The National Transportation Planning and Research Centre (NATPAC) has submitted a detailed report to Kerala Infrastructure Investment Fund Board (KIIFB) outlining steps to decongest Vyttila - said to be the biggest junction in Kerala, where acute traffic congestion and chaos prevails even after commissioning a six-lane flyover in 2021.
The report is a revision of the one that had beenprepared in May 2023. The revision follows a recent decision to allocate land to KSRTC for a long-distance bus depot at Vyttila Mobility Hub, in return for Vyttila Mobility Hub (VMH) being given KSRTC-owned land at Karikkamury in the city to build an integrated bus terminal.

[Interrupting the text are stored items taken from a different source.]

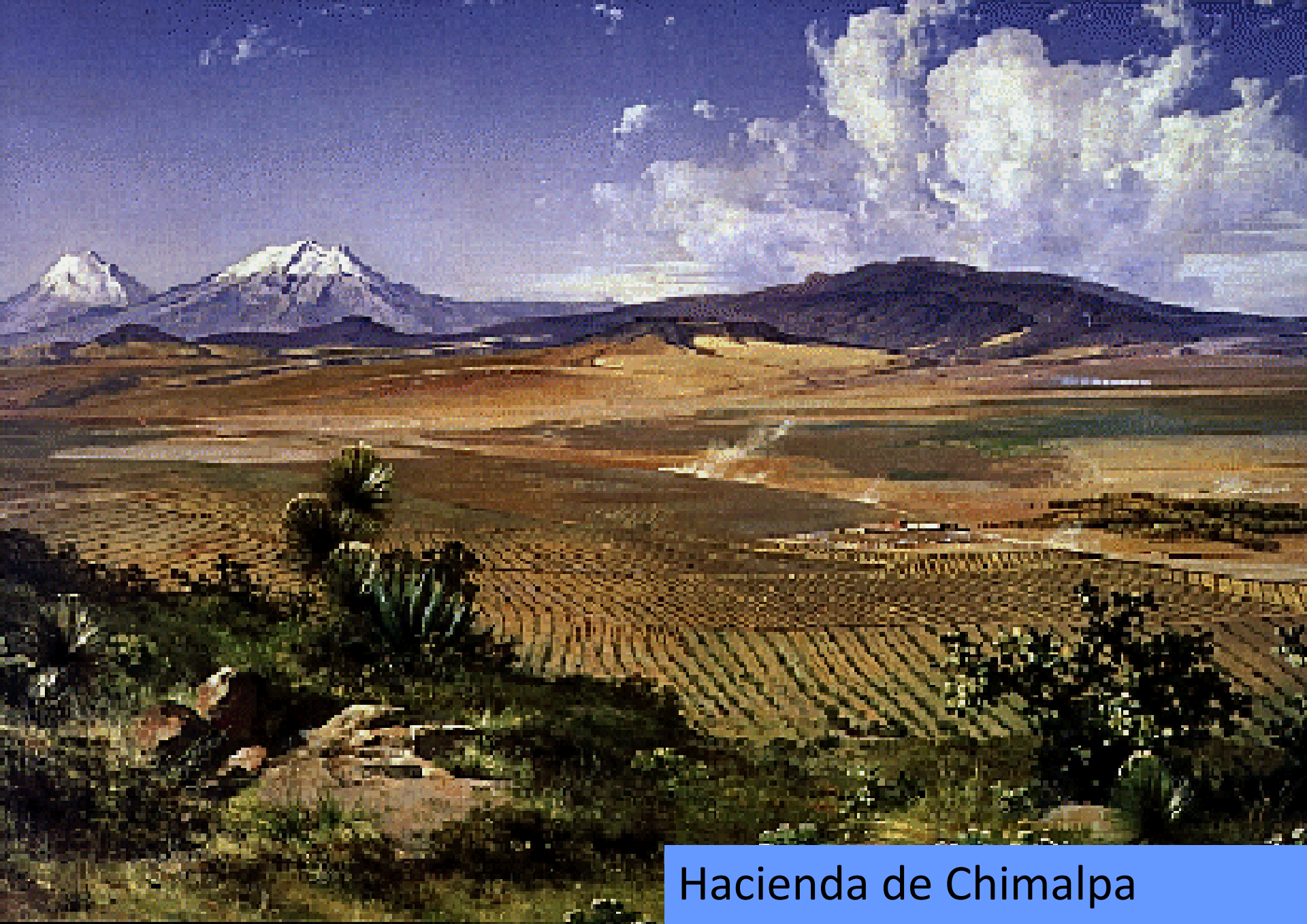
Hacienda de Chimalpa José María Velasco
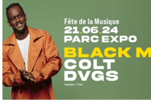
CP Fête de la Musique - Black M - 2024
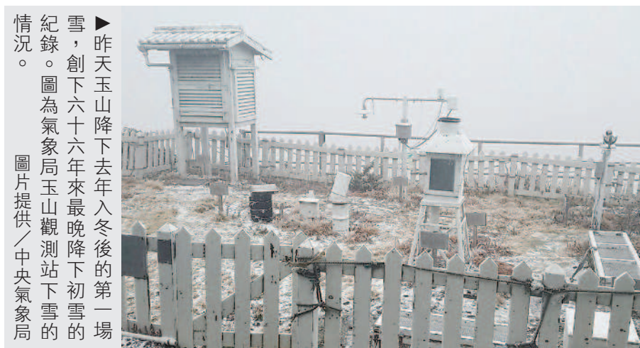
►昨天玉山降下去年入冬後的第一場雪，創下六十六年來最晚降下初雪的紀錄。圖為氣象局玉山觀測站下雪的情況。

除了玉山下雪外，雪山圈谷和合歡山昨天也降下初雪，雪山積雪厚度約十公分，這次也創下雪山圈谷近十年來最晚降下初雪的紀錄。合歡山則是在
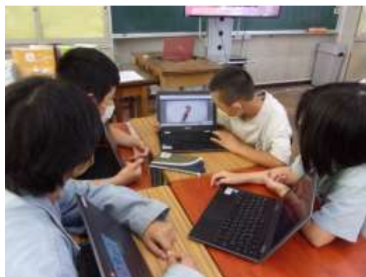
デジタルシティズンシップ教育の授業

The report also took into account the phase-two development of VMH, where commercial development has been envisaged as part of steps to mobilise revenue, said sources in NATPAC.
All this was in addition to a proposal to have U turns below flyovers that were planned on the northern and southern sides of Vyttila Junction. This would streamline movement of vehicles in the east-west direction, like in Palarivattom, they added.

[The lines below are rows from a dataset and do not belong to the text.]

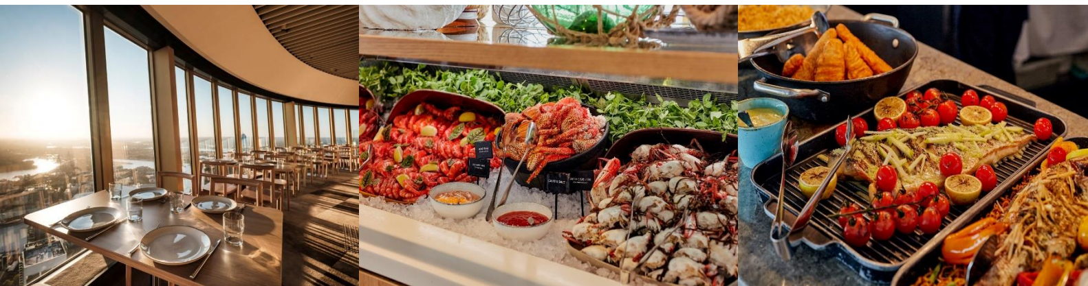
*เมนูมีการปรับเปลี่ยนตามฤดูกาล*

นำท่านเข้าสู่ที่พัก SYDNEY METRO MARLOW HOTEL / HOLIDAY INN POTTS POINT หรือเทียบเท่า (คืนที่5)
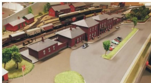
Fotografier af modellen af Den røde Station.

Bygningen er bygget af Erik Christensen.
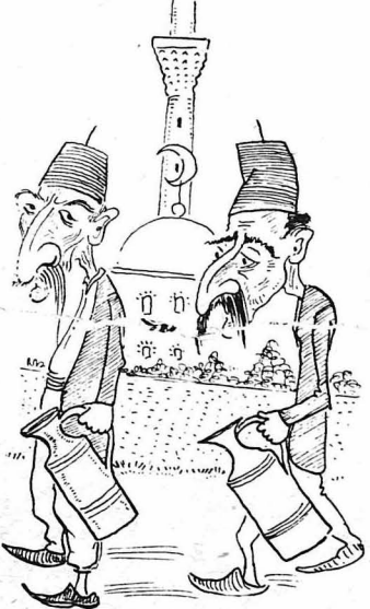
Δυό 'Αρμένιοι γερολόγοι
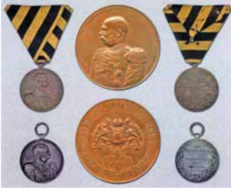
▲ Австрийская медаль по случаю 50-летия шефства Франца Иосифа в Кексгольмском полку, 1898 г.
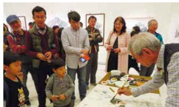
程錫牙教授為展覽揭幕現場揮毫
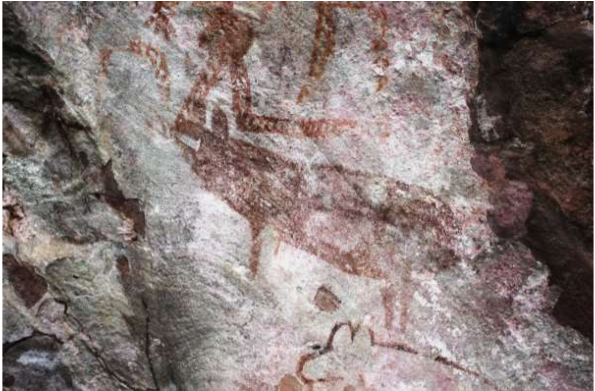
រូបលេខ៥៖ រូបគំនូរលាបពណ៌មានសណ្ឋានជាសត្វជ្រូក និងរូបលាបពណ៌ផ្សេងៗទៀត
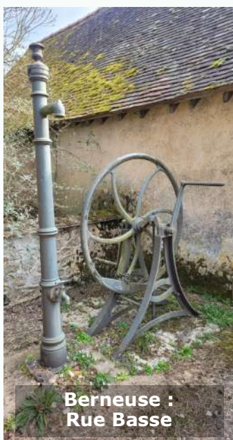
Berneuse : Rue Basse

Currently, movement of vehicles coming from the Palarivattom and Kundannur side towards S.A. Road and Thripunithura, as well as those from Palarivattom wanting to turn left towards Thripunithura and VMH are hindered. Experts, commuters, and NGOs had attributed this to shoddy planning by PWD (NH wing) that built the flyover.
The NATPAC, in its capacity as the design consultant for KIIFB, had in 2023 suggested the construction of a pair of flyovers parallel to the metro viaduct that crossed Vyttila Junction on the S.A. Road-Thripunithura corridr, in order to decongest the junction and half a dozen approach roads to it. Another option the agency suggested was a three-km-long, at-grade-cum-elevated corridor ALONG the backwaters on the Elamkulam-Champakkara stretch.
In the meantime, the PWD’s assurance in early 2021 to carry out widening and second-phase development works of the junction, in order to streamline flow of vehicles and to ensure safety of pedestrians, is yet to be fulfilled.